Man Group is a company that came from nowhere during the course of 2001 and ended the year as a FTSE 100 star. The former commodities broker reinvented itself as a hedge fund manager and found itself beautifully in tune with the bear market. With the ability to short sell as well as offer a balance of bonds and currencies, Man found funds flowing into its coffers as fast as it disappeared from those of conventional fund managers. We recommended Man Group as a buy in July when the share were 924.6p and had already enjoyed a staggering run. That run continued taking the stock up to 1,335p in December.

With the shares now at 1,172p there is a strong argument for taking profits. The bull case is that the hedge fund market is tipped to continue growing with some analysts saying they could soon account for 5 per cent of the market. There is therefore headroom for further gains but the safest option is to lock in some profits.

We had mixed success with Vodafone. In January we said the shares were worth buying on the dips when they stood at 225p, which was then a 12-month low. Though we pointed out the exposure to a downturn and the questionable return on the 3G licence binge, we remained positive. Sadly the shares continued to fall hitting a low of 124p in the summer.

We returned to the stock in August saying the shares looked cheap at 128p. They have risen sharply since then and now stand at 177p. The outlook for mobiles is mixed with handset sales in the final quarter of 2001 expected to be just half the level of the previous year. And there remains a debate over how much mobile users are prepared to pay each month for added value services. Regulatory headaches also persist but Vodafone remains a quality company with a global collection of businesses. It is a long-term hold.

The same cannot be said of Marconi, which this column raised questions about last spring when the shares stood at 534p. Though Lord Simpson of Dunkeld, then chief executive, had just bought 133,000 shares at the time we pointed to the exposure to the weakening US market and emerging troubles at rivals such as Cisco and Lucent. The shares fell to just 13p in October. With Lord Simpson and John Mayo gone there has been some recovery to 41p. But, with some analysts saying debt needs to be halved, Marconi may struggle to devote sufficient resources to R&D to maintain its competitive position in the optical transmission market. The shares should still be avoided.

Retailing proved to be a much happier hunting ground last year and the sector was one of the best performers of the year as consumer spending remained buoyant. Electronics Boutique, the computer games specialist, was one of the biggest winners with a 180 per cent rise thanks to the success of the PlayStation 2 from Sony. We tipped the shares in January at 61p and again in April at 77.5p. They now stand at 135p and there is always an argument for profit taking after that sort of run. But investors may want to hang on a while longer. The cycle of new product launches is at a relatively early stage with the Microsoft X-Box and the Nintendo Gamecube due in the spring. The shares are still only valued on a forward multiple of 18, which is not expensive given the growth prospects. An aggressive price campaign from Dixons or Woolworths could upset the market but investors should hold on for the ride.

Next may be a different story.

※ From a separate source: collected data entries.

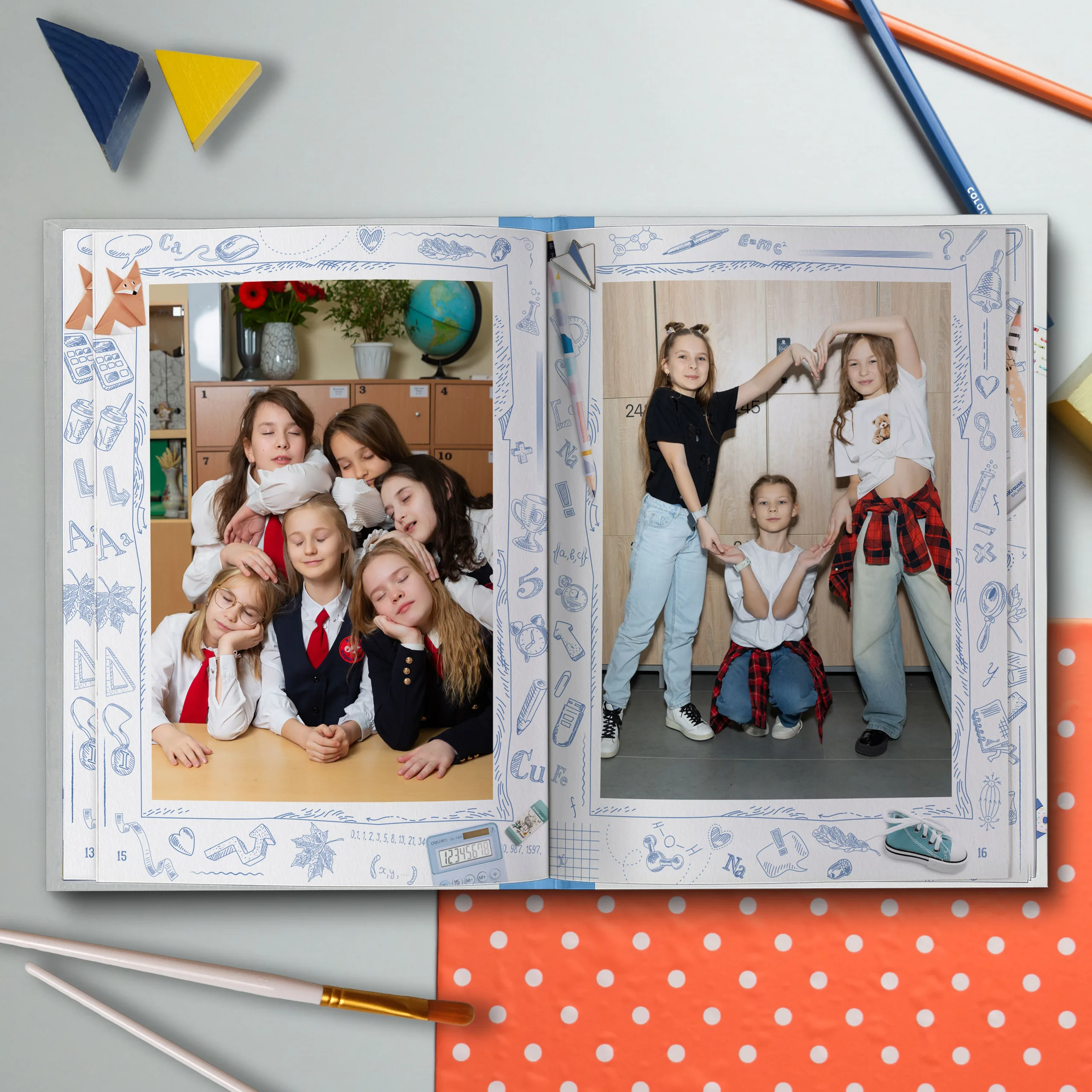 Полюбившийся многим дизайн теперь в светлом оформлении. Яркие кадры юности на фоне, напоминающем изрисованную тетрадь, непременно окунут выпускников в приятные воспоминания. Выпускной альбом в классном современном дизайне не оставит равнодушным ни одного ученика.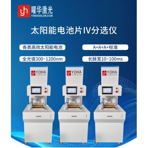 3、IV测试: 设备对电池片施加模拟太阳光(通常通过脉冲光源或稳态光源)并精确测量其在不同电压/电流条件下的响应,生成I-V曲线,从而得到关键参数如开路电压 (Voc)、短路电流 (Isc)、***大功率点 (Pmax)、填充因子 (FF)、转换效率 (η) 等。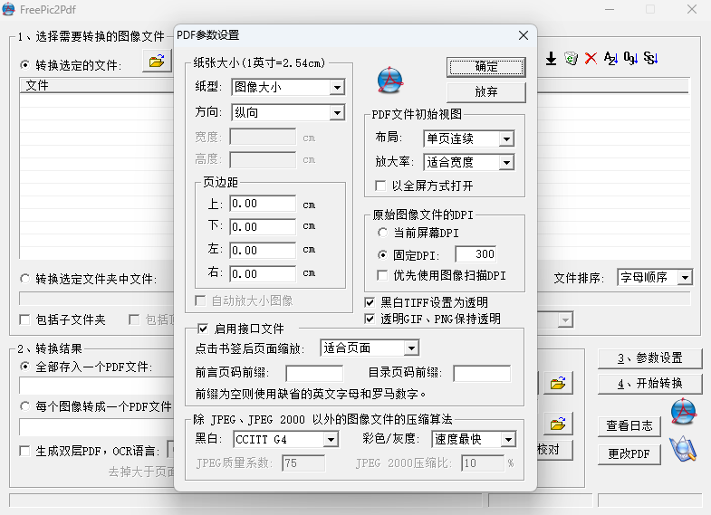 5.可以指定生成的PDF文件的页面大小(除A4、B5等,还支持国内常用的32开、16开、大32开)及页边距,这种指定不会造成对图像数据流的重新采样或压缩,只影响PDF中描述图像显示大小的数据, 避免因为重新采样或压缩而造成图像质量下降。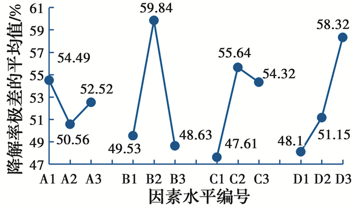 由图 6可以发现,正交试验组编号为2和8两组的降解率相对较高,均超过60%。正交试验组编号为2的降解条件为降解菌接种量为1 mL、pH值为7、降解温度为32 ℃、土壤含水率为20%,混合菌悬液对汽油污染土的降解率为63.12%;正交试验组编号为8的降解条件为降解菌接种量为2.5 mL、pH值为7、降解温度为30 ℃、土壤含水率为25%,降解率最高可达60.28%。由图 6可知,无论是温度因素还是混合降解菌接种量因素均未表现出对汽油污染土的降解率有明显的影响。因此,为了进一步比较各因素水平对汽油污染土降解率的影响水平,图 7给出了混合菌悬液对汽油污染土的降解率的极差分析图(纵坐标为降解率极差的平均值,横坐标为各个因素水平)。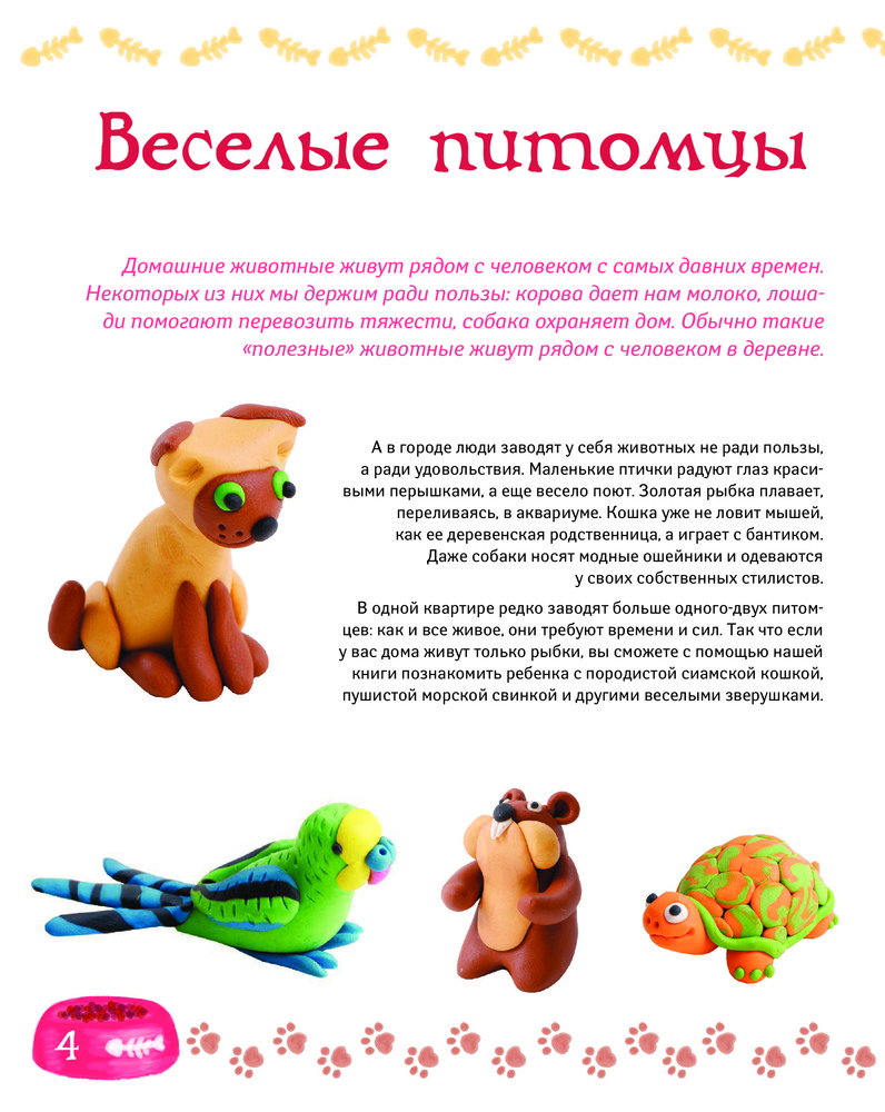 Книга очень понравилась, отличное качество исполнения. Книга большая, текст и картинки крупные и подробные. Поэтому подойдет как для совместной работы ребенка и взрослого, так и для самостоятельной работы (для детей постарше). В книге дано подробное описание, как слепить из простых элементов таких как шарики и колбаски замечательные фигуры животных. Очень увлекательная книга. Понравиться как детям, так и взрослым.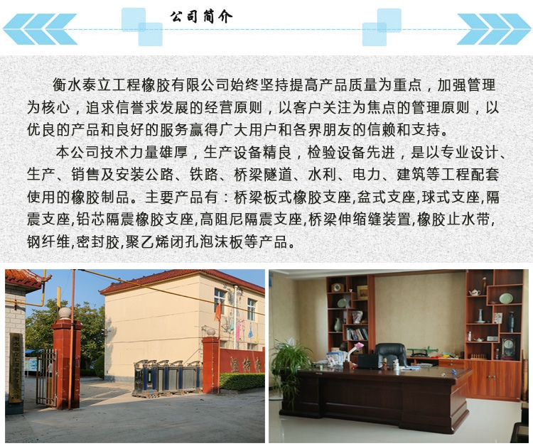 我们可以按用户要求生产各种形状、尺寸的橡胶止水带,另外还可为不同工程、不同部位的需要备有十字型、丁字型、斜度型和内外转角型产品,可适用于任何设计要求。橡胶止水带在运输时,应要避免阳光直射,勿与热源、油类及有害溶剂接触。所以在止水带定位和混凝土浇捣过程中,应注意定位方法和浇捣压力以免止水带被刺破,影响止水带的防水效果。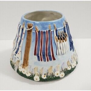 Vintage Yankee Candle Ceramic LAUNDRY DAY JAR SHADE Large Topper Clothesline Fence Farmhouse Cottagecore Prairie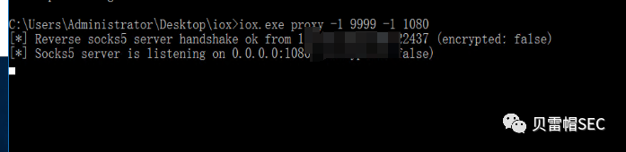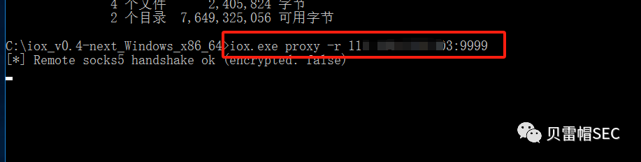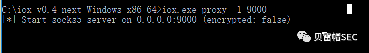 ./iox proxy -l 9999 -l 1080       // 注意,这两个端口是有顺序的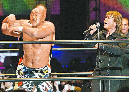 在小巨蛋举办的“全日本职业摔角大赛”上,伍佰为自己的“超级偶像”武藤敬司担任出场演唱歌手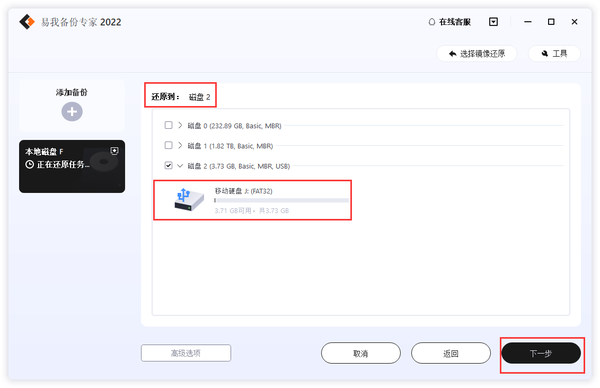 步骤3.设置还原到的磁盘位置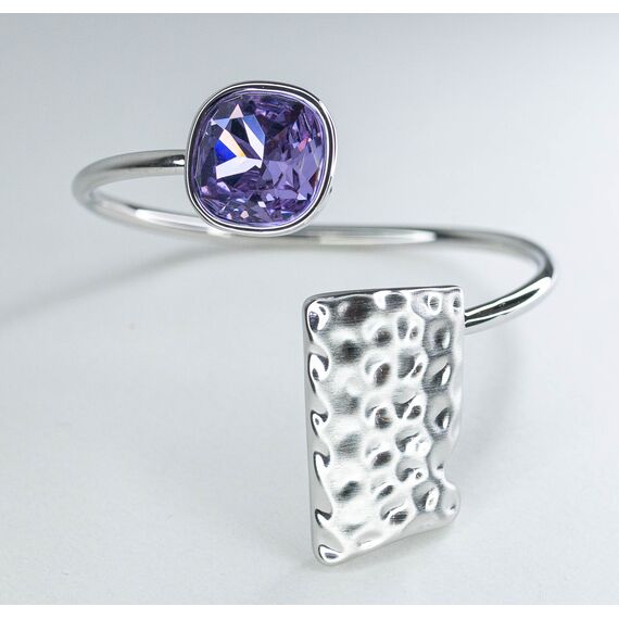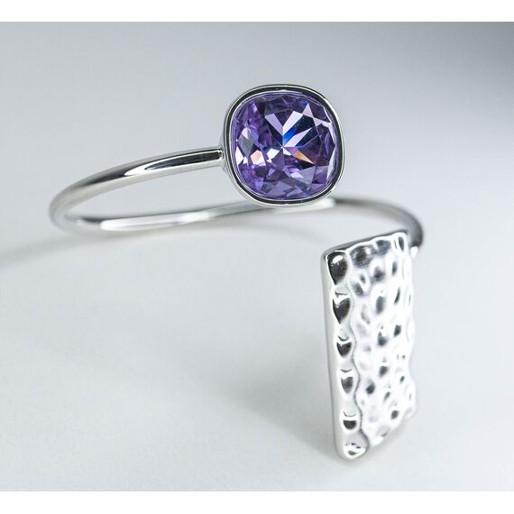 Браслет женский из гипоаллергенного ювелирного сплава серого цвета со вставкой из кварца (d-1,0см) сиреневого цвета. Браслет - незамкнутый, жесткий, безразмерный. Высота браслета-4,0см, ширина-3,0см.
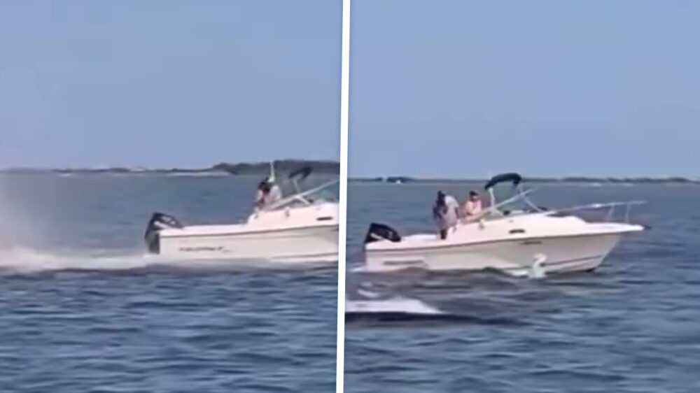 Een walvis is dit weekend dood teruggevonden in ondiep water bij de kust van New Jersey, na een 'aanvaring' met een motorboot. De klap was zo lomp dat de boot bijna omsloeg en iemand overboord viel. Beelden op sociale media laten een schommelende boot zien, een spartelende walvis en iemand die watertrappend probeert te overleven naast de chaos.
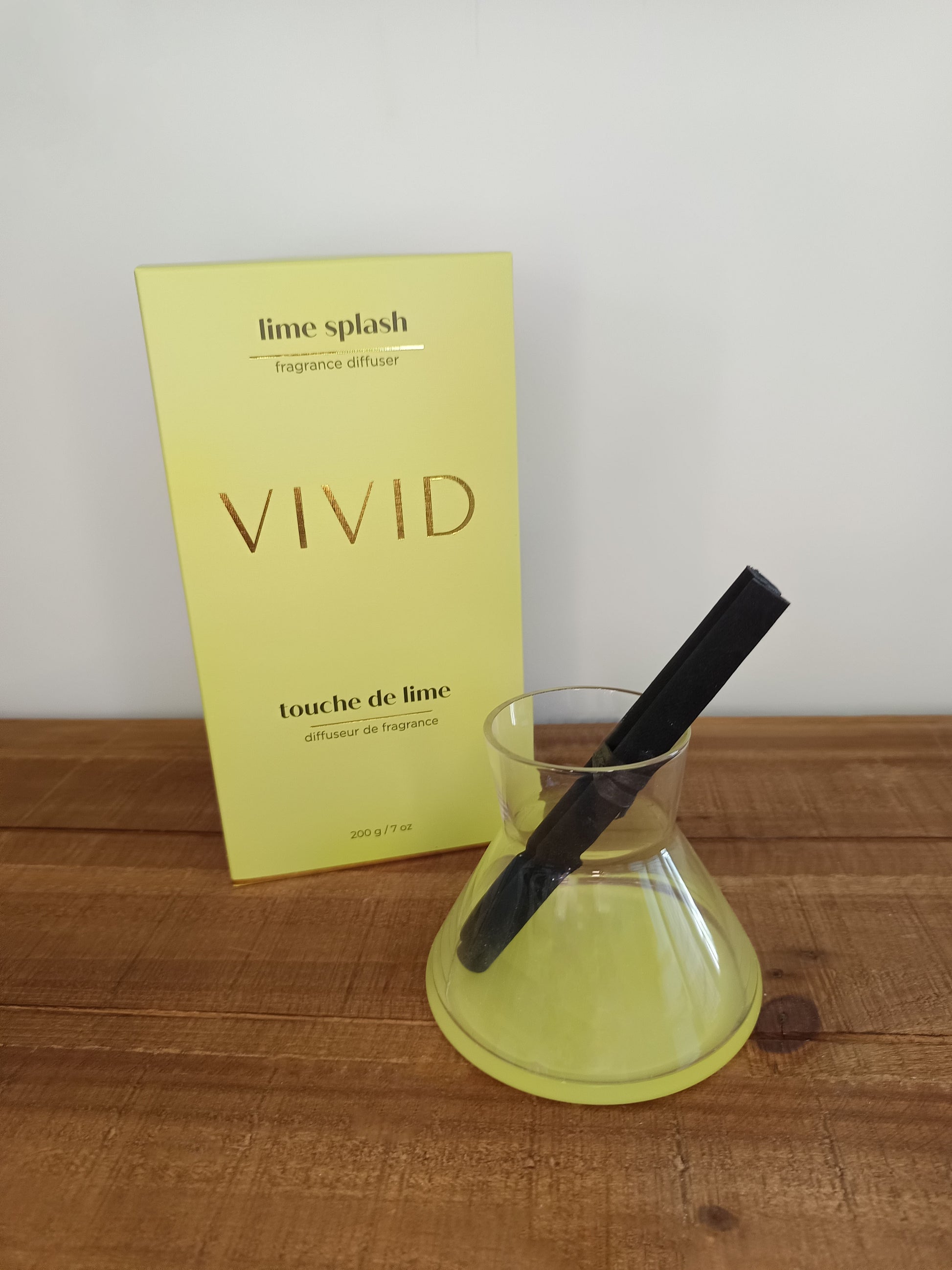 Le diffuseur moderne Lime Splash offre des notes acidulées de citron vert, d'orange et de citron, harmonieusement mêlées à une touche de vanille et de musc. Ce diffuseur diffuse un parfum continu sans flamme pendant 7 semaines. Son flacon en verre vert vif contient deux grands bâtonnets noirs et le parfum est conditionné séparément dans un flacon en verre de 200 ml.

The fashion retailer has had a good start to the year but has been treading water since. We advised bargain hunters to look elsewhere in September when the shares stood at 860p. They bounced to 923p yesterday on expectations of a good trading statement, due on Tuesday. But Next stands to be one of the biggest losers from the Marks & Spencer recovery. Now could be a good time to sell.

One we managed to get wrong twice was Prudential. Our last recommendation was "avoid" in October on the grounds that the group's stellar growth in Asia may be coming to an end. The shares have recovered some ground since then as the market warmed to the restructuring of itsUK operation and the opportunities in the bulk annuities market. But fears persist that the group may blow the recovery on a big acquisition and we would still advise caution.